### What is required
Retype the listing below line for line, but only from the line with "그래서 png 파일의 핵사값을 보자! 하고 HxD로 봤더니" down to the line with "Chhatarpur News: नियमों", inclusive. Pictures stay out.

### Data
________________________
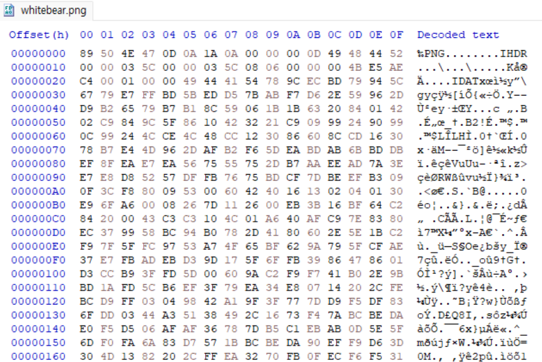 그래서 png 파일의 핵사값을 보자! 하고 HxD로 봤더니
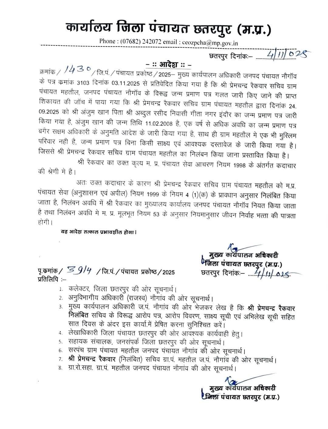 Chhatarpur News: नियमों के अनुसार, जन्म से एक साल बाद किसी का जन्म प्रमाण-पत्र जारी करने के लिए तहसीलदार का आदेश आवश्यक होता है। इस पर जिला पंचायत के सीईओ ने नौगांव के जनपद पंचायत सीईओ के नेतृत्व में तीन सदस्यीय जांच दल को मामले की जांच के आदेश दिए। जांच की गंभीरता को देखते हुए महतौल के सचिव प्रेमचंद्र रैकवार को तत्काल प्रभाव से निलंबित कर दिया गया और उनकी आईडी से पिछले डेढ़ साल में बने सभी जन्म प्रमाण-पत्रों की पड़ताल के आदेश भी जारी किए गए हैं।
________________________
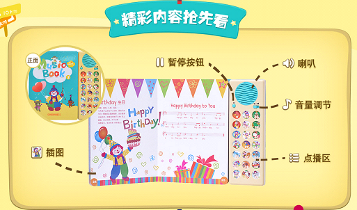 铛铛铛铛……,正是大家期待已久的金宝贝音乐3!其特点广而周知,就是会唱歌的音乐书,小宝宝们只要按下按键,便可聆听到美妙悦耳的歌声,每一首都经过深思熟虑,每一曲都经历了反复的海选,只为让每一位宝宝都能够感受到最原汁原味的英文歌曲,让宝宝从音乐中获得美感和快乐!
________________________
### Response for this exercise
 그래서 png 파일의 핵사값을 보자! 하고 HxD로 봤더니
 Chhatarpur News: नियमों के अनुसार, जन्म से एक साल बाद किसी का जन्म प्रमाण-पत्र जारी करने के लिए तहसीलदार का आदेश आवश्यक होता है। इस पर जिला पंचायत के सीईओ ने नौगांव के जनपद पंचायत सीईओ के नेतृत्व में तीन सदस्यीय जांच दल को मामले की जांच के आदेश दिए। जांच की गंभीरता को देखते हुए महतौल के सचिव प्रेमचंद्र रैकवार को तत्काल प्रभाव से निलंबित कर दिया गया और उनकी आईडी से पिछले डेढ़ साल में बने सभी जन्म प्रमाण-पत्रों की पड़ताल के आदेश भी जारी किए गए हैं।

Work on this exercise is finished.